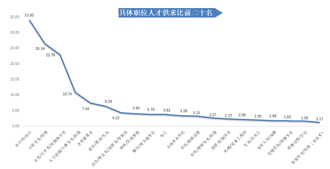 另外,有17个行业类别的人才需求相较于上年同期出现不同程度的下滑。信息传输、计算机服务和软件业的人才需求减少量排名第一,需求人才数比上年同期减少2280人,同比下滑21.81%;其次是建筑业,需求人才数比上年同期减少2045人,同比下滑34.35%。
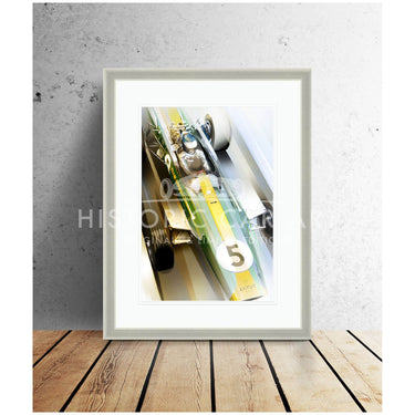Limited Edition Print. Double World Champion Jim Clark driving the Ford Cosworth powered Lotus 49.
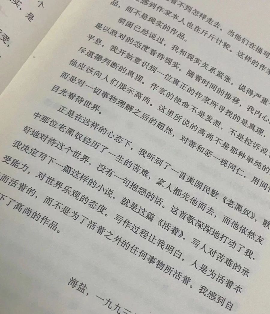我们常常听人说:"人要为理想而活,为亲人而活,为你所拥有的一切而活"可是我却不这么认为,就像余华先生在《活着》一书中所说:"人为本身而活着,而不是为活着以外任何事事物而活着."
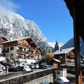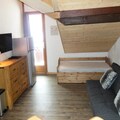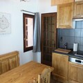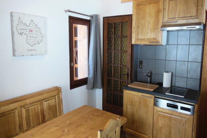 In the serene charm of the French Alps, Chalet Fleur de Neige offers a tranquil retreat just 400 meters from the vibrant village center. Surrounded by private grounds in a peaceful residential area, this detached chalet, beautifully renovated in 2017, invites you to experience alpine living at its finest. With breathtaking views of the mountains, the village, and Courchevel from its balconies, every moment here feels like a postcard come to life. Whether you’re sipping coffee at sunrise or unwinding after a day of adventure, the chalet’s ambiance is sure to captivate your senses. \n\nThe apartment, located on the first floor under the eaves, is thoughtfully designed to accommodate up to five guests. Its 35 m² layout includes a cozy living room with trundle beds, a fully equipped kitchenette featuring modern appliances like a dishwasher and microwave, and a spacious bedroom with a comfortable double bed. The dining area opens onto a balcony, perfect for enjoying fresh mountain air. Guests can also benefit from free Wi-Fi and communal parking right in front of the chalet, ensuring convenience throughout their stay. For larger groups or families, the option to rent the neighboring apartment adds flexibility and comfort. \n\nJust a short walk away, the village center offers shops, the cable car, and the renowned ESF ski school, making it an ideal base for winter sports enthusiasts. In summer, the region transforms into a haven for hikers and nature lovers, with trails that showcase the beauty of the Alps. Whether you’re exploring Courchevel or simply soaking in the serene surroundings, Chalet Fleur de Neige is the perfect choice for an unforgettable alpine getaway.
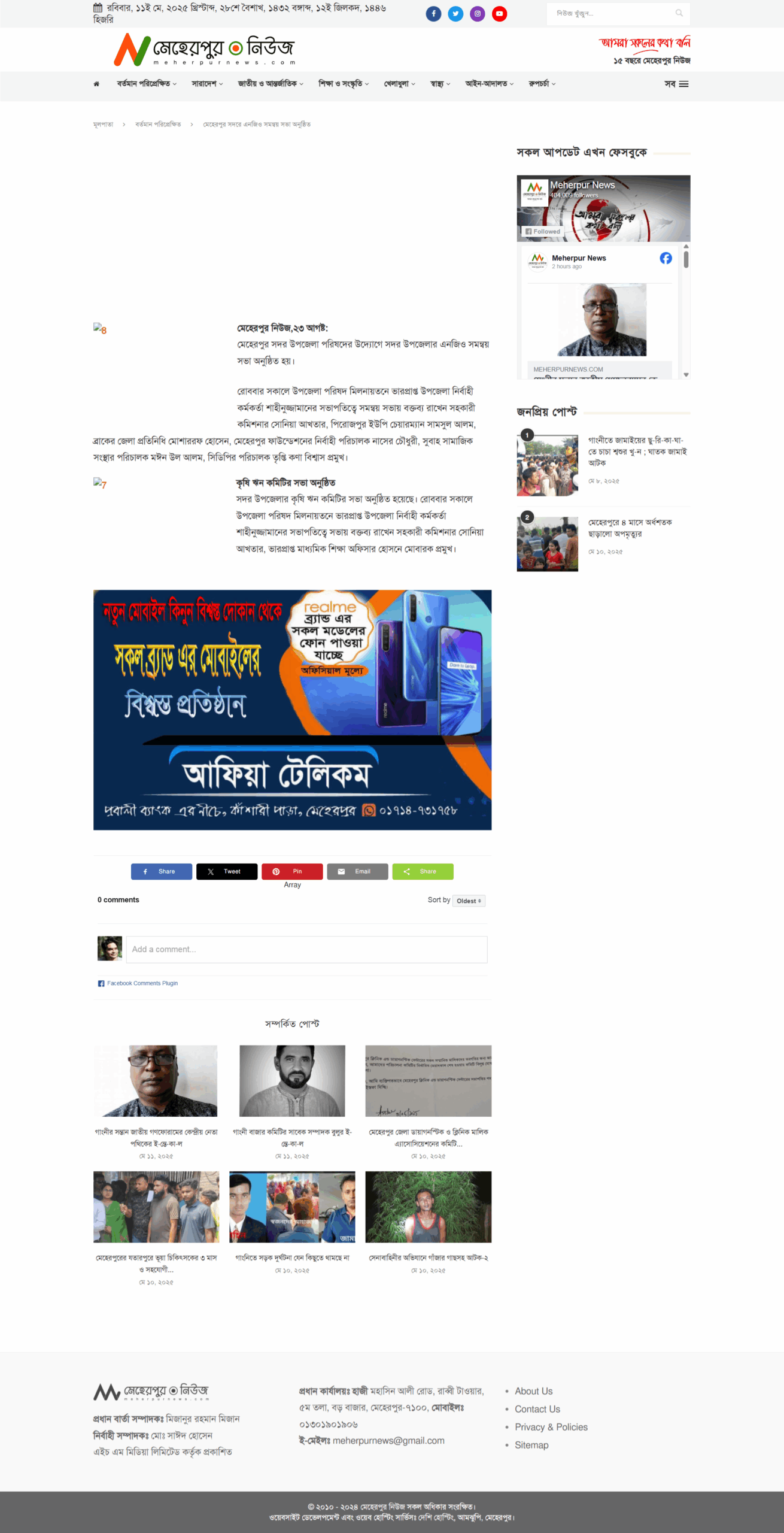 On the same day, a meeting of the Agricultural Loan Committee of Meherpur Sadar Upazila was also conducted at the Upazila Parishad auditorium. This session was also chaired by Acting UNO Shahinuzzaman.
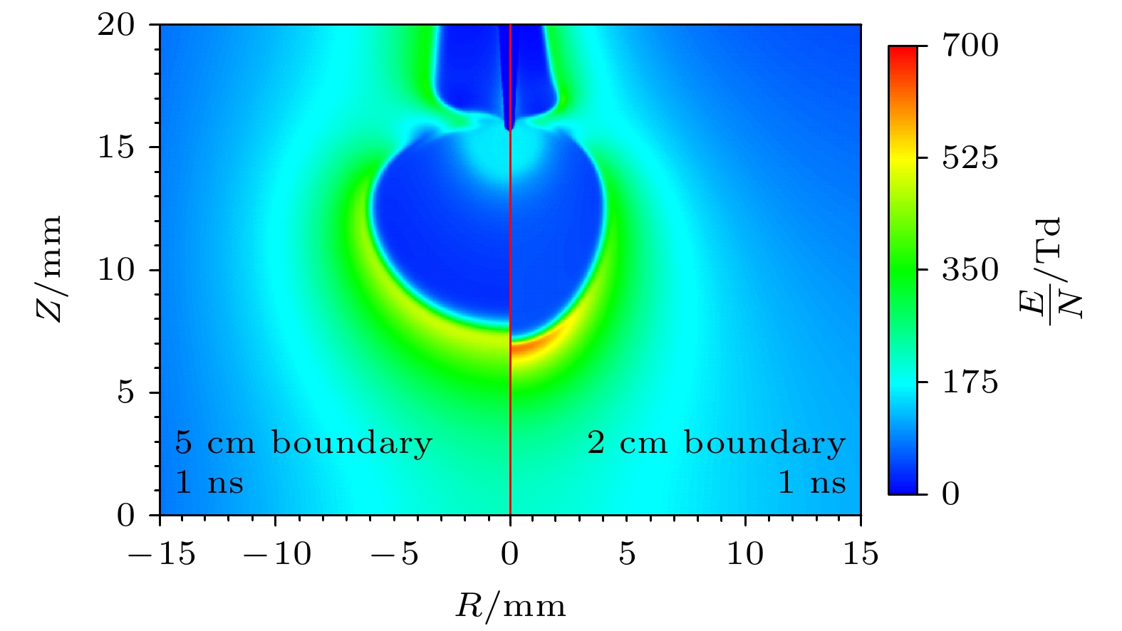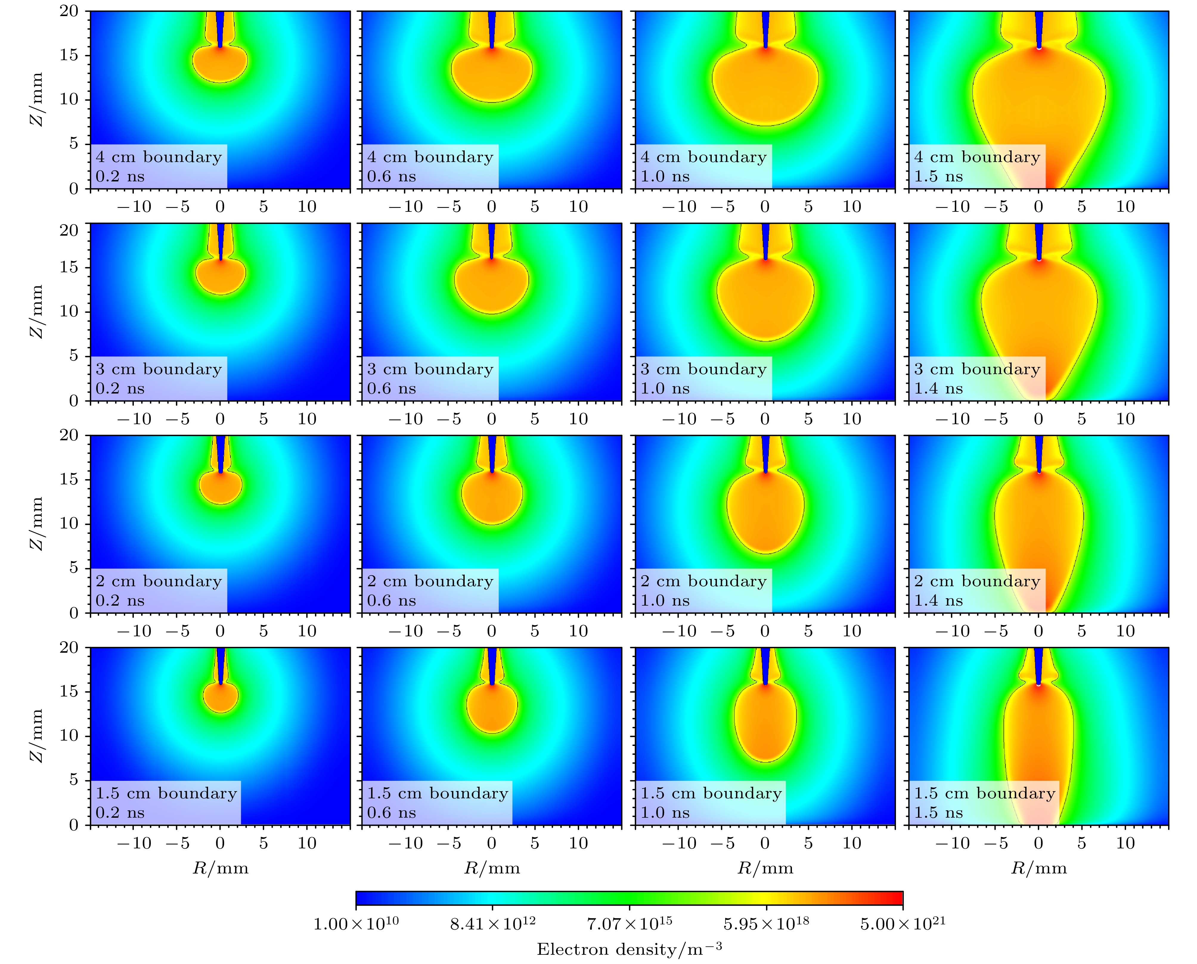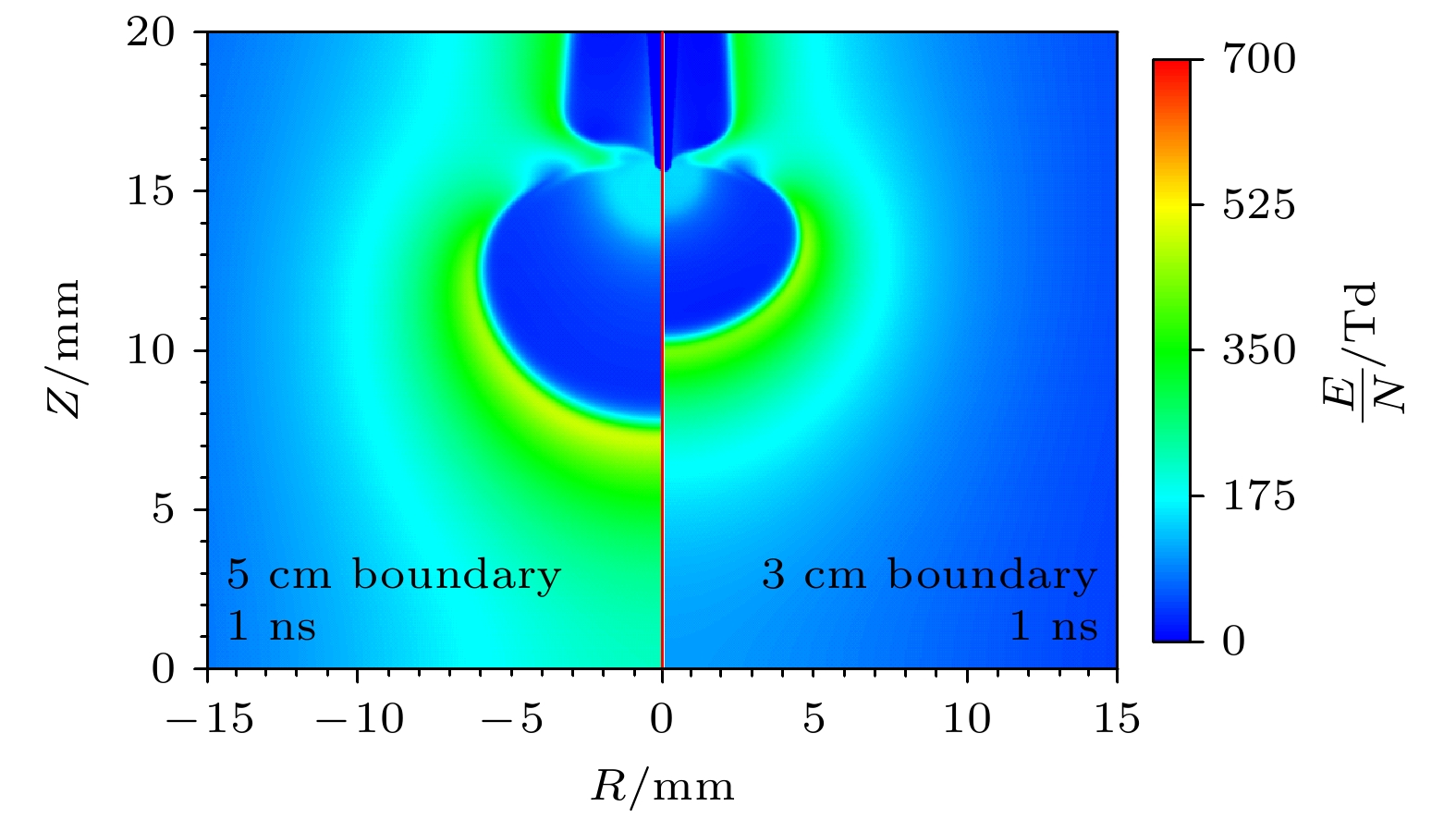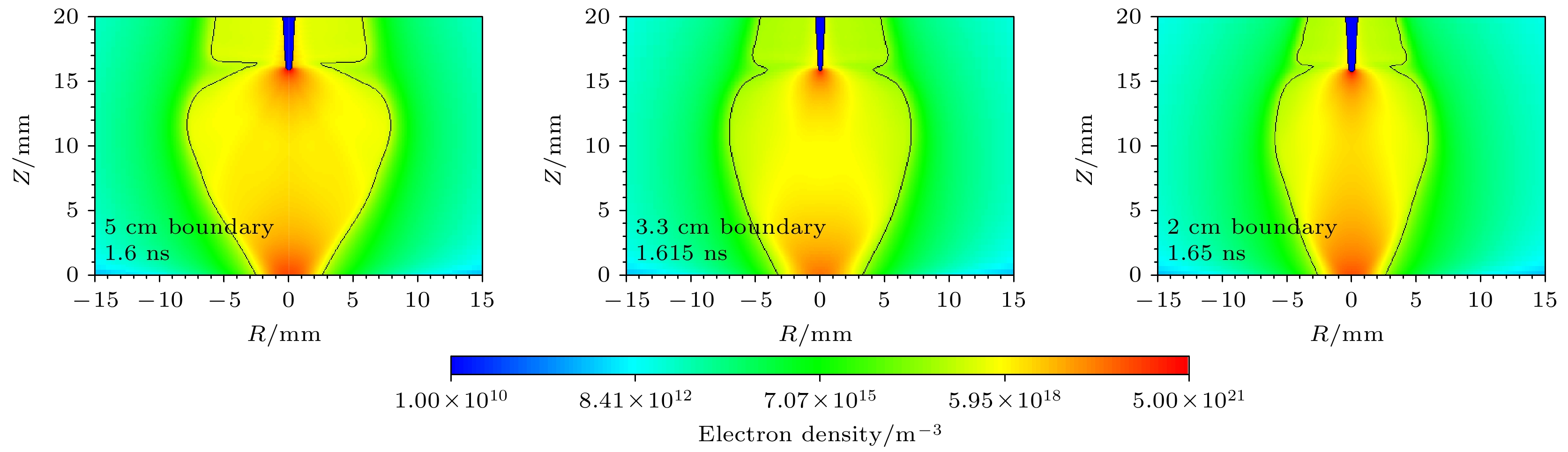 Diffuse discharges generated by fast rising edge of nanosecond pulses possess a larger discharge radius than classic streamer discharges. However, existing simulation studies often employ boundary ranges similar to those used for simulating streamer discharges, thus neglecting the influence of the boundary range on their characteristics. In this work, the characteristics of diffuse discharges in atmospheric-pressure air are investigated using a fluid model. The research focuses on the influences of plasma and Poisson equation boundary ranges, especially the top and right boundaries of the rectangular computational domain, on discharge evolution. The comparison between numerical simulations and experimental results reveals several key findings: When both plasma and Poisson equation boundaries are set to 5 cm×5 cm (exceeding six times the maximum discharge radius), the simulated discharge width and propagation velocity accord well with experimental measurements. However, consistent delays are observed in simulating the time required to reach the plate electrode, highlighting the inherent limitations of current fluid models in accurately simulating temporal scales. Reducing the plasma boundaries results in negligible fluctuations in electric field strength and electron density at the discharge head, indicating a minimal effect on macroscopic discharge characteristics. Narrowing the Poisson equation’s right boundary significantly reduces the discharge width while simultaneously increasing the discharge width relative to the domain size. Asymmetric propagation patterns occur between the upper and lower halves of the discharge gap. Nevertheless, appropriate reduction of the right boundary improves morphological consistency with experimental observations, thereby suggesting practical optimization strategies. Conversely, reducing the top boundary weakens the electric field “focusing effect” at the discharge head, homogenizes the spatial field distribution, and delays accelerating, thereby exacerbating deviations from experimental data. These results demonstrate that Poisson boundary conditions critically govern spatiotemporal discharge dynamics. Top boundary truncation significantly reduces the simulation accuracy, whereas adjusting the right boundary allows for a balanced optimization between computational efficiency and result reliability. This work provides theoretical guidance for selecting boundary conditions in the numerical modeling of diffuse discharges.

#### [TASK TO COMPLETE]
Pictures aside, every entry above must be repeated exactly.

#### [YOUR RESPONSE]
 另外,有17个行业类别的人才需求相较于上年同期出现不同程度的下滑。信息传输、计算机服务和软件业的人才需求减少量排名第一,需求人才数比上年同期减少2280人,同比下滑21.81%;其次是建筑业,需求人才数比上年同期减少2045人,同比下滑34.35%。
Limited Edition Print. Double World Champion Jim Clark driving the Ford Cosworth powered Lotus 49.
我们常常听人说:"人要为理想而活,为亲人而活,为你所拥有的一切而活"可是我却不这么认为,就像余华先生在《活着》一书中所说:"人为本身而活着,而不是为活着以外任何事事物而活着."
 In the serene charm of the French Alps, Chalet Fleur de Neige offers a tranquil retreat just 400 meters from the vibrant village center. Surrounded by private grounds in a peaceful residential area, this detached chalet, beautifully renovated in 2017, invites you to experience alpine living at its finest. With breathtaking views of the mountains, the village, and Courchevel from its balconies, every moment here feels like a postcard come to life. Whether you’re sipping coffee at sunrise or unwinding after a day of adventure, the chalet’s ambiance is sure to captivate your senses. \n\nThe apartment, located on the first floor under the eaves, is thoughtfully designed to accommodate up to five guests. Its 35 m² layout includes a cozy living room with trundle beds, a fully equipped kitchenette featuring modern appliances like a dishwasher and microwave, and a spacious bedroom with a comfortable double bed. The dining area opens onto a balcony, perfect for enjoying fresh mountain air. Guests can also benefit from free Wi-Fi and communal parking right in front of the chalet, ensuring convenience throughout their stay. For larger groups or families, the option to rent the neighboring apartment adds flexibility and comfort. \n\nJust a short walk away, the village center offers shops, the cable car, and the renowned ESF ski school, making it an ideal base for winter sports enthusiasts. In summer, the region transforms into a haven for hikers and nature lovers, with trails that showcase the beauty of the Alps. Whether you’re exploring Courchevel or simply soaking in the serene surroundings, Chalet Fleur de Neige is the perfect choice for an unforgettable alpine getaway.
 On the same day, a meeting of the Agricultural Loan Committee of Meherpur Sadar Upazila was also conducted at the Upazila Parishad auditorium. This session was also chaired by Acting UNO Shahinuzzaman.
 Diffuse discharges generated by fast rising edge of nanosecond pulses possess a larger discharge radius than classic streamer discharges. However, existing simulation studies often employ boundary ranges similar to those used for simulating streamer discharges, thus neglecting the influence of the boundary range on their characteristics. In this work, the characteristics of diffuse discharges in atmospheric-pressure air are investigated using a fluid model. The research focuses on the influences of plasma and Poisson equation boundary ranges, especially the top and right boundaries of the rectangular computational domain, on discharge evolution. The comparison between numerical simulations and experimental results reveals several key findings: When both plasma and Poisson equation boundaries are set to 5 cm×5 cm (exceeding six times the maximum discharge radius), the simulated discharge width and propagation velocity accord well with experimental measurements. However, consistent delays are observed in simulating the time required to reach the plate electrode, highlighting the inherent limitations of current fluid models in accurately simulating temporal scales. Reducing the plasma boundaries results in negligible fluctuations in electric field strength and electron density at the discharge head, indicating a minimal effect on macroscopic discharge characteristics. Narrowing the Poisson equation’s right boundary significantly reduces the discharge width while simultaneously increasing the discharge width relative to the domain size. Asymmetric propagation patterns occur between the upper and lower halves of the discharge gap. Nevertheless, appropriate reduction of the right boundary improves morphological consistency with experimental observations, thereby suggesting practical optimization strategies. Conversely, reducing the top boundary weakens the electric field “focusing effect” at the discharge head, homogenizes the spatial field distribution, and delays accelerating, thereby exacerbating deviations from experimental data. These results demonstrate that Poisson boundary conditions critically govern spatiotemporal discharge dynamics. Top boundary truncation significantly reduces the simulation accuracy, whereas adjusting the right boundary allows for a balanced optimization between computational efficiency and result reliability. This work provides theoretical guidance for selecting boundary conditions in the numerical modeling of diffuse discharges.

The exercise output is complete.